Swiss reinsurance company

Swiss Re Ltd is a Swiss reinsurance company founded in 1863 and headquartered in Zürich, Switzerland. It is one of the world's largest reinsurers, as measured by gross premiums written. Swiss Re operates through around 80 offices in 29 countries and employs over 14,000 people. It was ranked 519th on the Forbes Global 2000 list and ranked 316th on the Fortune Global 500 in 2023. Swiss Re is listed on the SIX Swiss Exchange.

==History==
On 10–11 May 1861, more than 500 houses went up in flames in the town of Glarus, Switzerland. Two-thirds of the town was reduced to rubble and ash and around 3,000 inhabitants were made homeless. The damage to Glarus exceeded the reserves of the cantonal fire insurance, which had underinsured many cantonal buildings; the resulting loss was covered by donations, as well as a bond issue by the cantonal government. Similar to the fire of Hamburg in 1842, which led to the foundation of the first professional reinsurers in Germany, the fire of Glarus made Swiss insurers demand more reinsurance coverage against catastrophic loss. As a result, Swiss Re was founded in Zürich as the first Swiss reinsurance company in 1863.

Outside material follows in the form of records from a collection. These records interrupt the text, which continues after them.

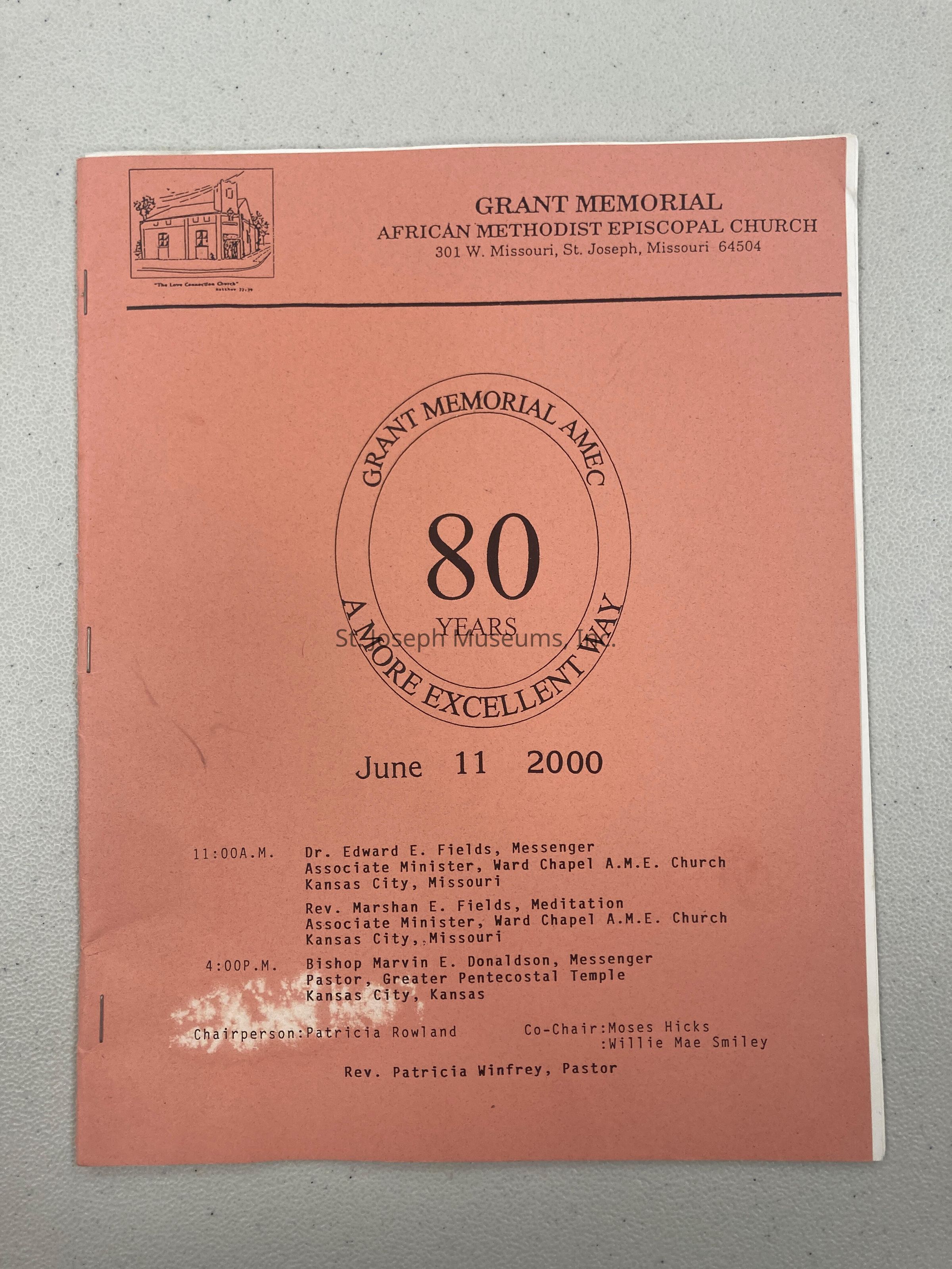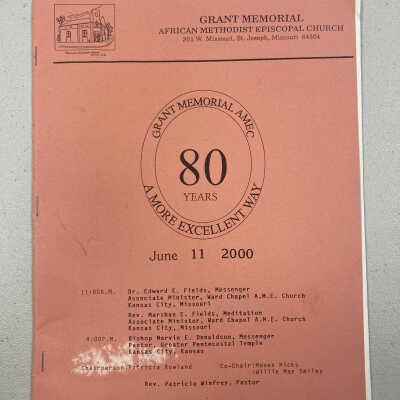 Grant Memorial African Methodist Episcopal, 301 W. Missouri, St. Joseph, MO. Church 80th Anniversary Program, June 11, 2000. Short outline of church history, including names of charter members, and pastors who served the church. Program of the days activities. List of current church officers, Advertisements from local merchants.Collection
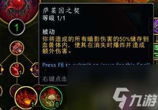 萨莱茵核心天赋,替换天灾打击后,造成存粹暗影伤害,可继承天灾打击/暗影之爪的所有效果,面板伤害高于暗影之爪。
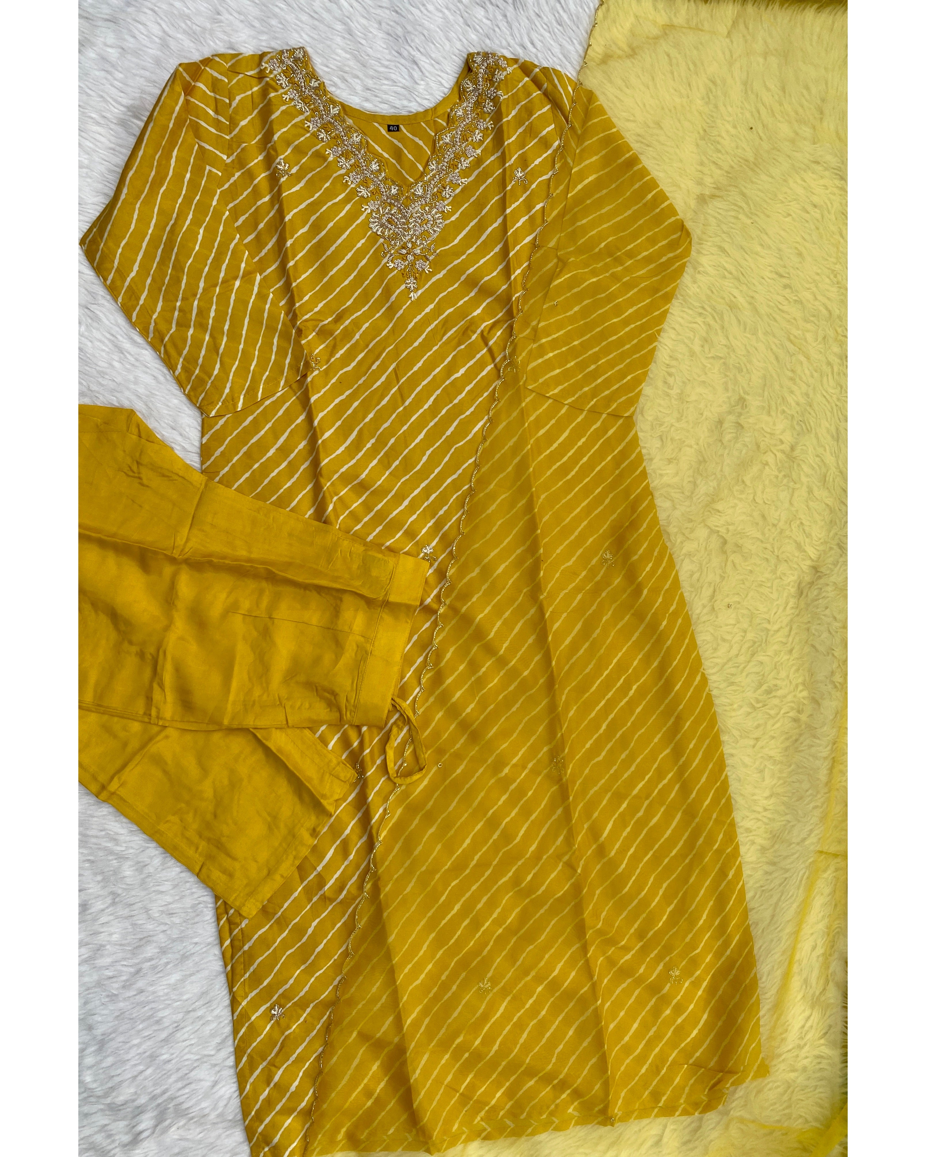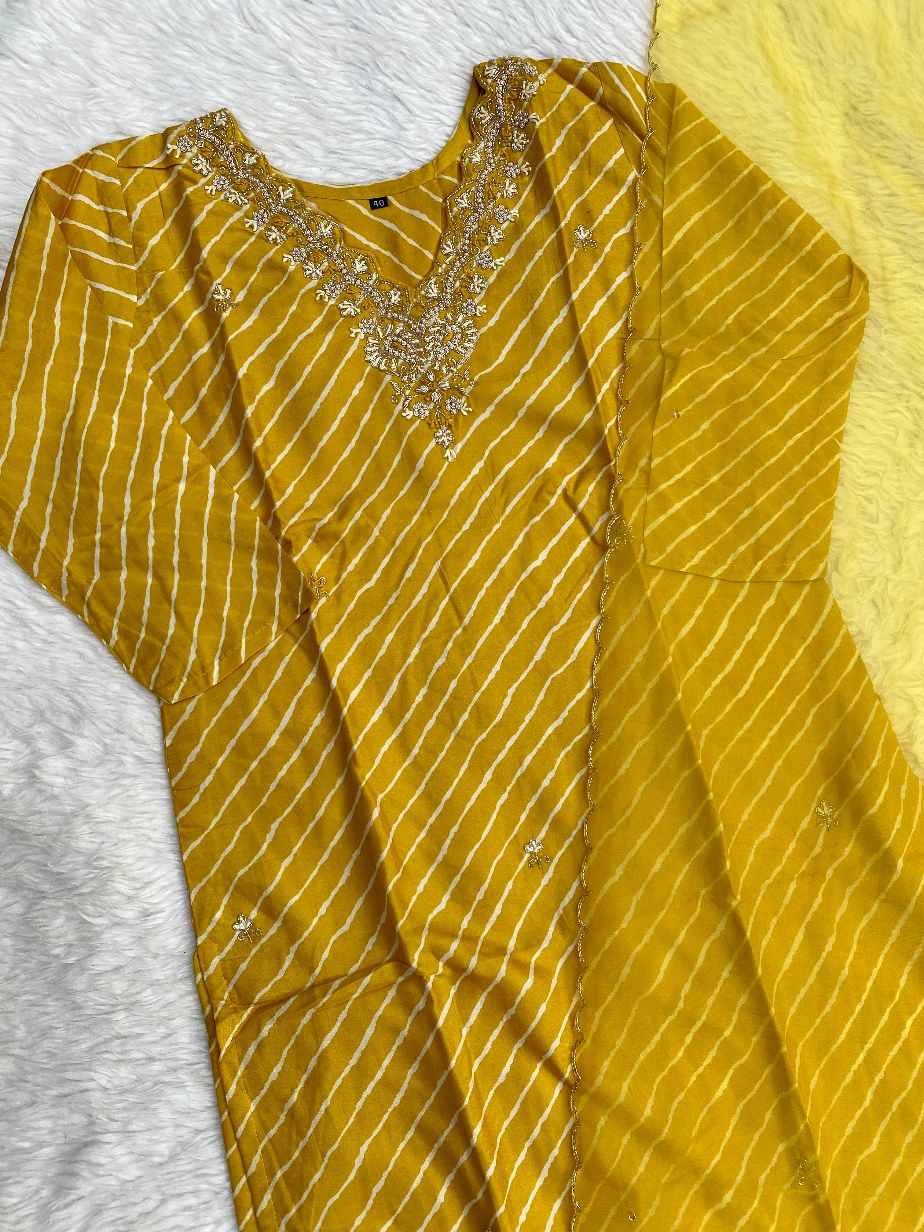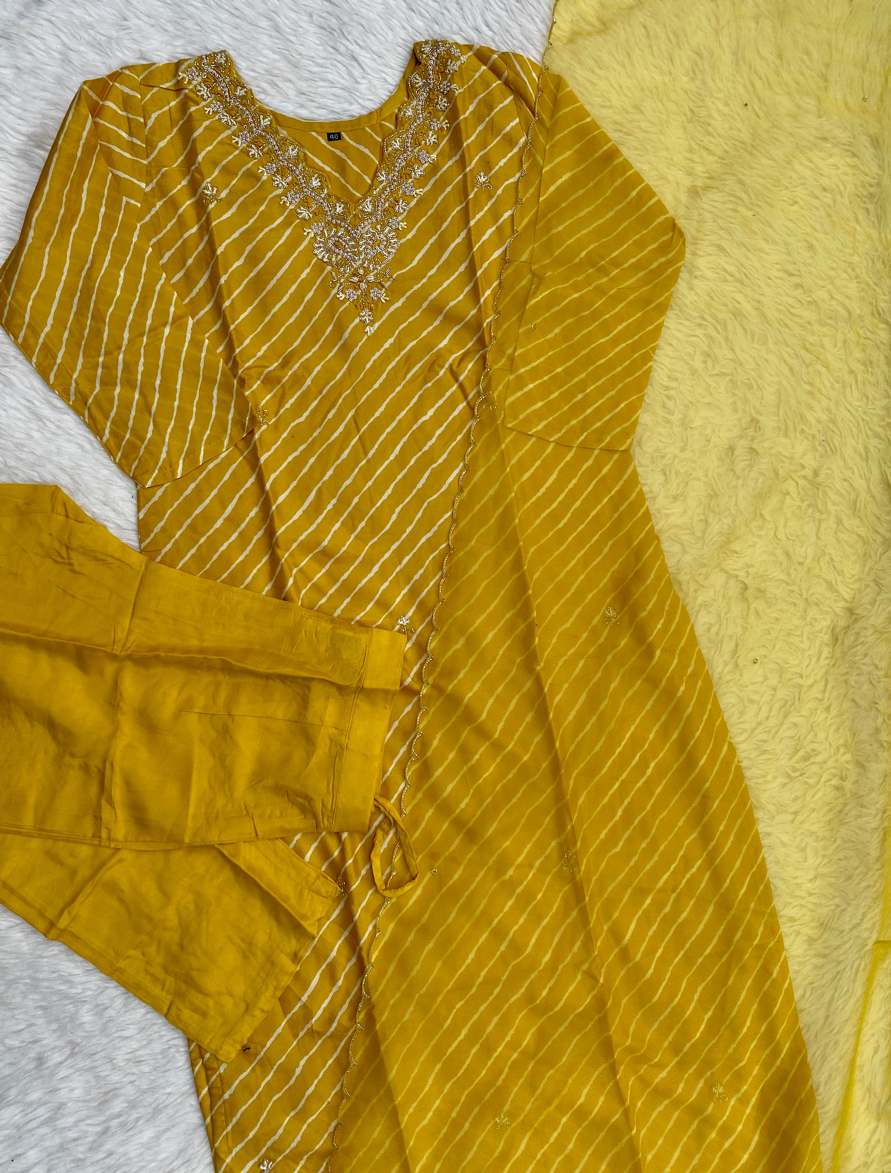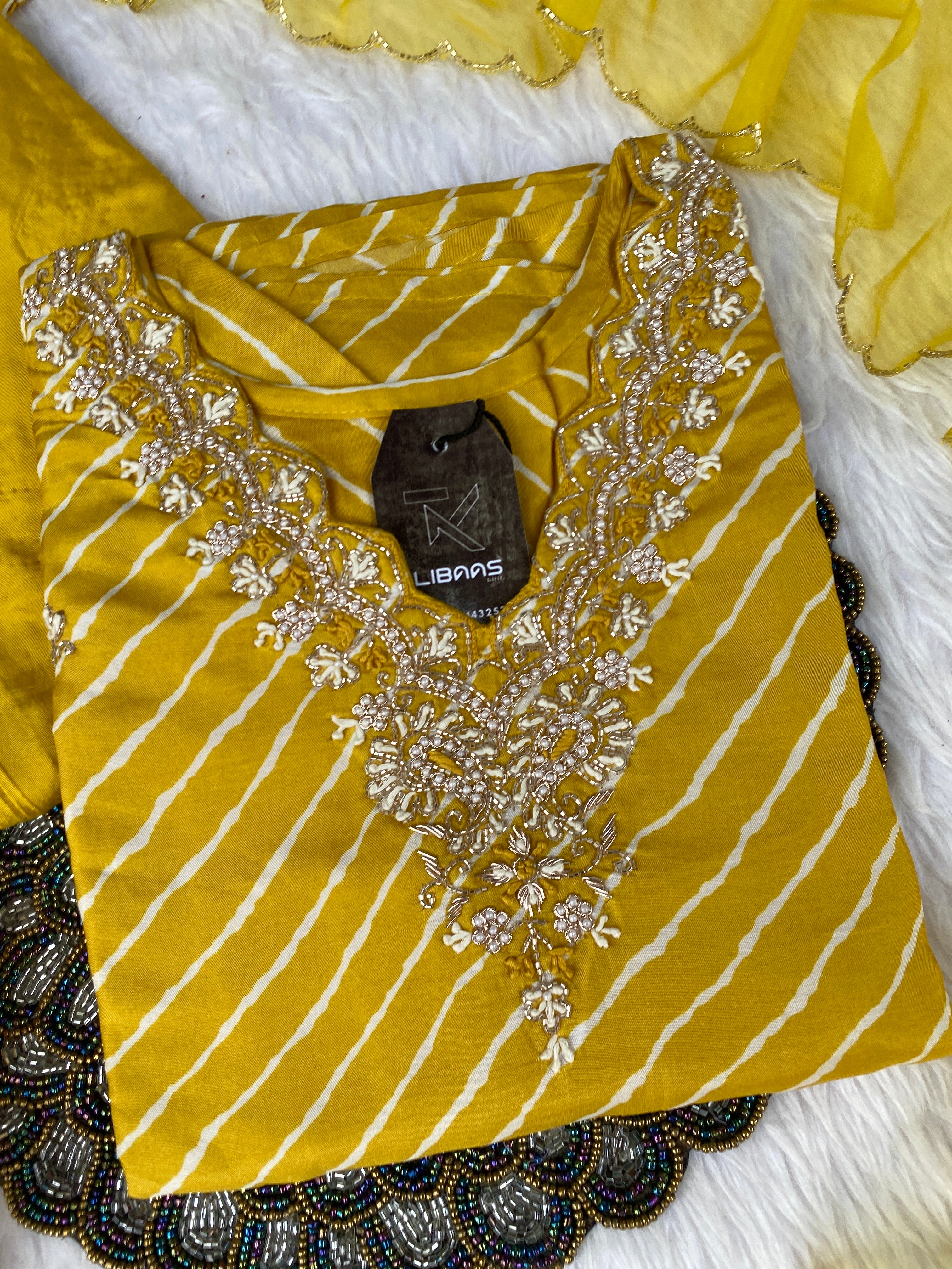 Bandhni printed dola silk set with handwork of the yoke of the kurta with Tissue oraganza scalping dupatta with a plane silk bottom

Swiss Re was a lead insurer of the World Trade Center at the time of the September 11 attacks, which led to an insurance dispute with the owner, Silverstein Properties. In October 2006, the New York appeals court ruled in favor of Swiss Re, stating that the destruction of the twin towers was a single event rather than two, limiting coverage to US$3.5 billion.

Swiss Re acquired the GE Insurance Solutions property/casualty business in 2006, which made it the world's largest reinsurer.

In 2009 Warren Buffett invested $2.6 billion when Swiss Re raised more equity capital after it lost 6 billion francs in its financial market operations in the 2008 financial crisis. Berkshire Hathaway already owned a 3% stake, with rights to own more than 20%.

In May 2016, the Fort McMurray Canadian wildfires caused estimated damages of up to CAD10 billion, with Swiss Re having the most exposure among reinsurers.

On 1 July 2004, Swiss Re subsidiary Admin Re began the acquisition of Life Assurance Holding Corporation in the UK. On 31 October 2008, Swiss Re completed a £762 million acquisition of Barclays PLC's subsidiary Barclays Life Assurance Company Ltd. In June 2014, the company, through Admin Re, acquired the UK pensions business of HSBC Life (UK) Limited worth £4.2 billion. The Admin Re business, which was renamed ReAssure, was eventually sold to Phoenix Group Holdings for £3.2bn in July 2020.

By February 2022, Swiss Re had acquired Champlain Reinsurance Company (Champlain Re), a Swiss-based run-off reinsurance captive of Alcan Holdings Switzerland AG, a member of Rio Tinto Alcan, in a legacy transaction. Later that month, Swiss Re declared a net profit of US$1.6 billion, a bounce-back from previous losses in 2020. Still, the exposure to COVID-19 in America was excessive; together with increased damages from natural catastrophes, profits were well below the US$1.8 billion estimate. Swiss Re was able to make up for some of its losses due to its increased property business. At the same time, the board of directors assured investors that the company is only minimally exposed to losses during the Ukraine crisis.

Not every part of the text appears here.